There’s one game everyone plays at Condé Nast. Every magazine headquartered in the Times Square skyscraper has a corresponding floor, marked plainly in the elevators. Every rider’s job – indeed, their instinct – is to predict who’s getting off where. Ding: Lucky. Off goes the over-accessorized co-ed. GQ: the only man in the elevator gets off, and he’s dressed better than most of the women. SELF: the only spunky girl leaves. And then there’s Vogue. You can make a safe bet that the most beautiful, cold and statuesque girl in the stilettos clacks away there. You’ll always be right.
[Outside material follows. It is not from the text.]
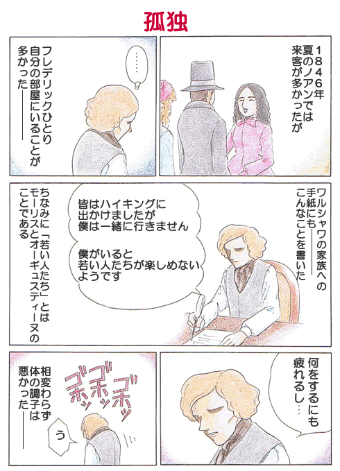 JUL 27, 2007 第097回 孤独 連載 1.一人で過ごすショパン□ 皆はよくハイキングにでかけたが、ショパンは体調も悪く、またモーリスと、そのモーリスに肩入れしているオーギュスティーヌがショパンを毛嫌いしていることから遠慮し、ひとり部屋で過ごしていたという。 林 倫恵子(はやしりえこ) 漫画家・ピアノ指導。ホームページ ショパン物語(林 倫恵子)TOP 連載一覧に戻る 第096回 ソランジュの婚約 第098回 ソランジュ婚約延期 現行サイトで見る → こちらも読んでみませんか 11小節目か30小節目か、最高音の位置からクライマックスを選ぶ スカルラッティ, ドメニコ「ソナタ ニ短調 K.5 L.367」 ポルトガル王への献呈曲集に含まれるト長調のソナタ スカルラッティ, ドメニコ「ソナタ ト長調 K.13 L.486」 フランス政府給費留学生としてパリで学んだ東京芸大出身作曲家 尾高 惇忠

The September Issue follows her in, past the secretary, past the glass doors and the wall-mounted silver letters. It’s a brief look into the world’s fashion bible, and from what I gathered during my three months as a Condé Nast intern, it’s pretty dead-on. The film flits from cubicle to cubicle, snatching bits of insight about how the magazine is made, from the brainstorming meetings through the endless page proofs to the newsstand product. The excesses that characterized Condé Nast until just recently are duly noted and especially fascinating now that the Golden Age of journalistic decadence is decidedly over.
But the one thing you can still say about Condé Nast is that it’s ripe with characters – the brand demands it. (At one point, you see the Editor at Large bumble around a tennis court in full Louis Vuitton garb.) Editor in Chief Anna Wintour is the implied star, on whom the hellish boss from The Devil Wears Prada is based. The real-life version is, not surprisingly, every bit as venerated and feared. But The September Issue’s spotlight takes an unexpected turn with Grace Coddington, Vogue’s fiery veteran creative director. She and Wintour started working at Vogue on the same day, and even now, she’s the only one tough enough to stand up to her superior. She’s the whimsical artistic genius – even Wintour admits it – scrabbling to save the art of Vogue from her axe-wielding boss determined to keep the magazine moving forward at any cost. On her cherished photo shoots, Coddington accessorizes the models herself, encourages them to eat the desserts she brings and even uses one of the film’s cameramen in a shoot as a last-minute solution.
And as an extra jab to Wintour, Coddington demands the cameraman’s belly fat remain digitally unaltered. The personality dichotomy is what drives the highly entertaining movie – and presumably what drives the entire magazine.